In this research we produced results and knowledge showing several things. First, we found that this newly-thawed carbon is vulnerable to bacterial degradation to carbon dioxide, even if the ancient carbon was up to 8,000 years old. Second, we found that when this thawed carbon was exposed to sunlight at Earth?s surface, the sunlight itself could degrade the newer and also the ancient carbon to produce carbon dioxide. In addition, we found that there was an interaction between the sunlight and the bacteria that worked as follows ? when the soil carbon was exposed to sunlight, it altered the carbon and allowed the bacteria to degrade more of it than they could when the carbon was in the dark. That is, exposing the carbon in these frozen soils to sunlight stimulated the bacteria to produce even more carbon dioxide. Third, we discovered that chemical reactions in soils can degrade organic carbon to carbon dioxide, without the help of bacteria or sunlight. This chemical degradation of soil carbon is substantial, and should be considered in our understanding of how carbon is degraded in soils and in our predictions of the amounts of soil carbon degraded to carbon dioxide in the near-term future. Finally, we found that newly-thawed soils supported the species of bacteria that use iron to gain energy and grow, which degrades organic carbon to carbon dioxide in the process. These iron-using bacteria may thus stimulate the production of carbon dioxide in previously frozen soils that are rich in iron, and these iron-rich soils are found in many areas of the Arctic.

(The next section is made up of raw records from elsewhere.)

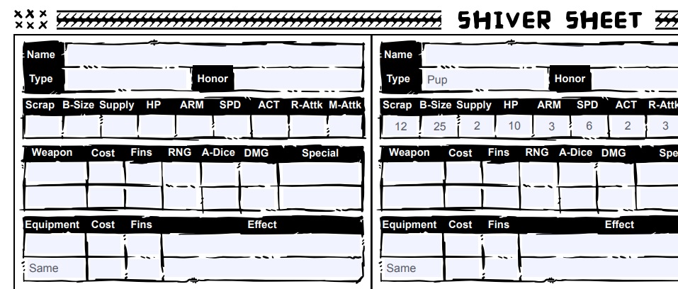 Slight issue with the Shiver Sheet, the 2nd Equipment slot for the first and second statblock is the same.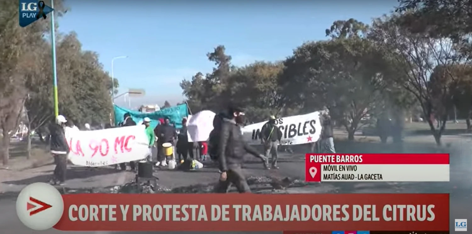 Trabajadores citrícolas autoconvocados cortaron los puentes Lucas Córdoba y Barros, que unen la capital con Banda del Río Salí y Alderetes, respectivamente. Los manifestantes reclaman a la Casa de Gobierno mejores condiciones laborales y la inclusión al programa interzafra, programa nacional que entra en vigencia desde octubre.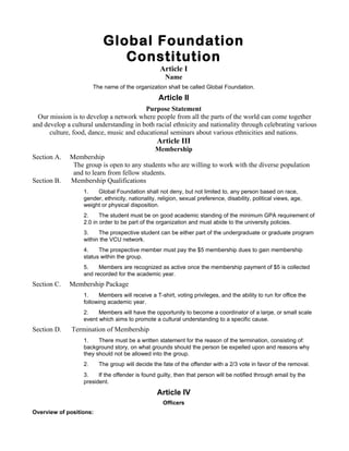 The constitution establishes the Global Foundation organization to develop cultural understanding through celebrating various cultures.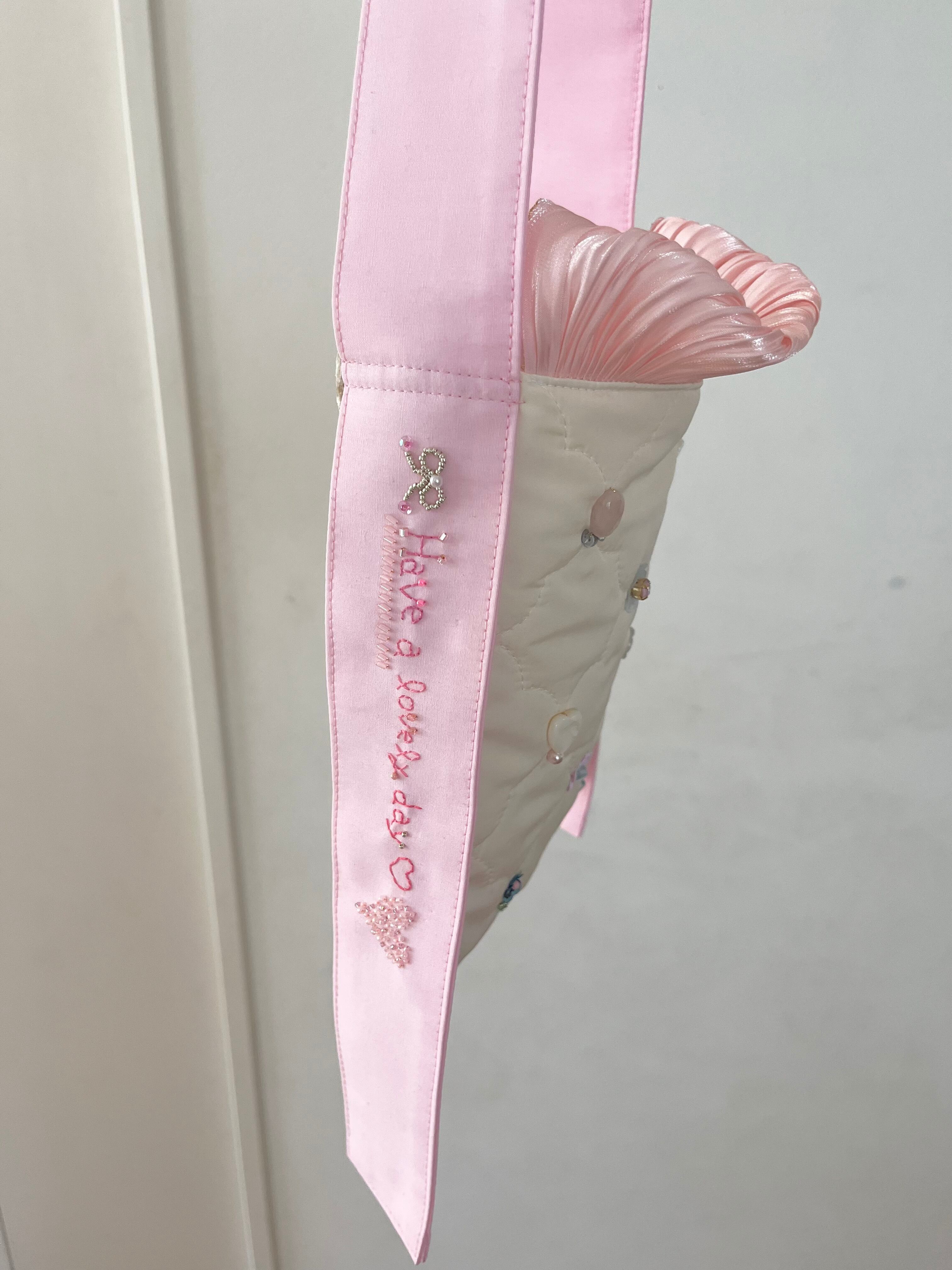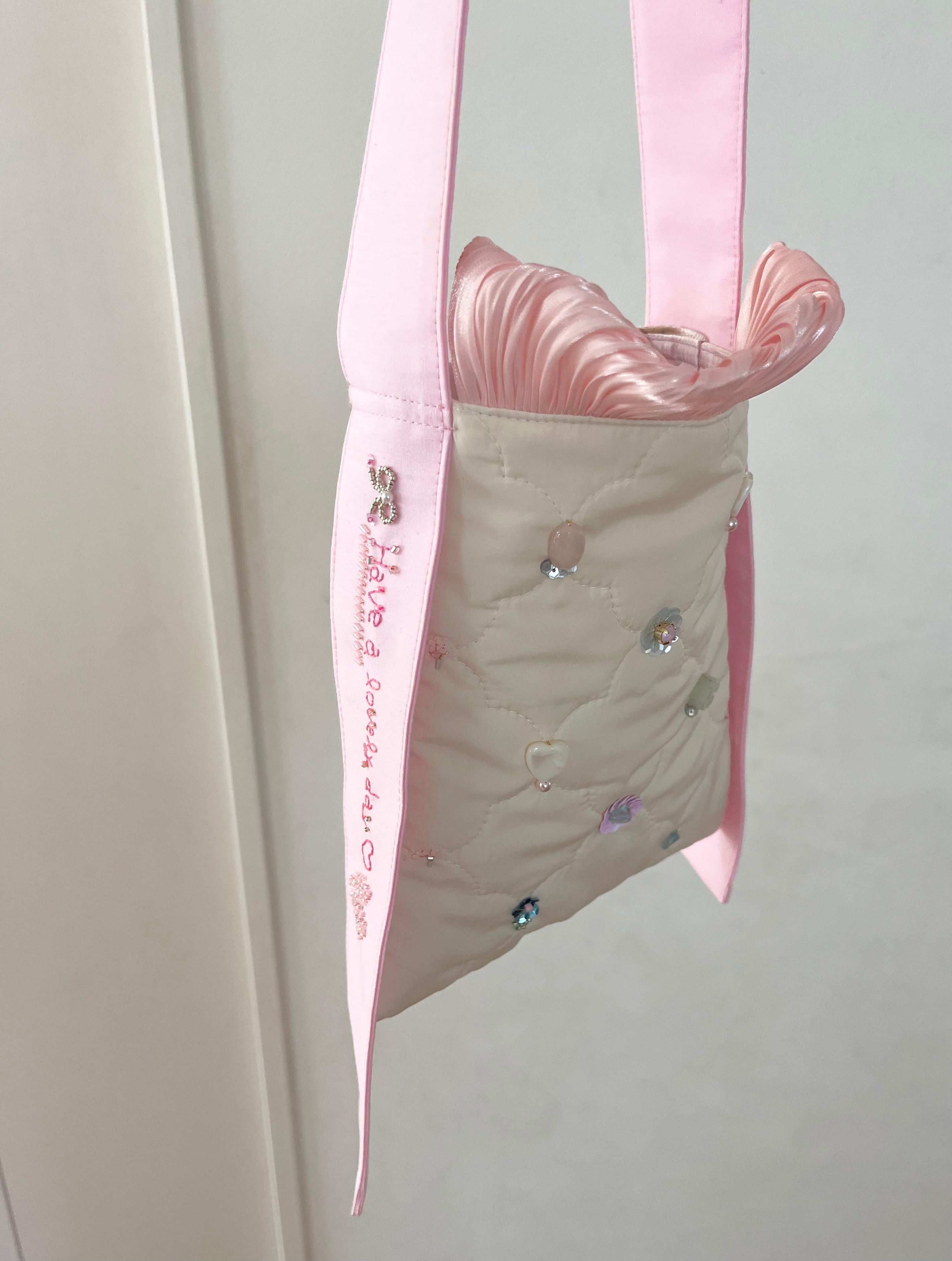 ”天然石やささやかな刺繍を飾ったsuumiの小さなおめかしばっぐ

Broader Impacts. The main driver of climate change and global warming is the human input of heat-trapping gases (greenhouse gases) into the atmosphere, and this input is currently about 9 billion tons of carbon per year (released as carbon dioxide). This human input has disrupted the natural behavior of carbon on Earth to the point that we are quickly warming our planet, which threatens food production, business and economics, coastlines and infrastructure, and the overall well-being of humans. This NSF research has helped scientists to constrain our understanding of the potential strength of how the Arctic will amplify global warming in this century. In turn, this new knowledge will help managers and decision makers in society to better prepare for, reduce, or adapt to the impacts of climate change we will continue to face. Finally, this research project contributed to teaching and outreach through the NSF PolarTREC program for high school teachers, the NSF Research Experience for Undergraduates, and the training of graduate students as well as presentations and articles in the popular press.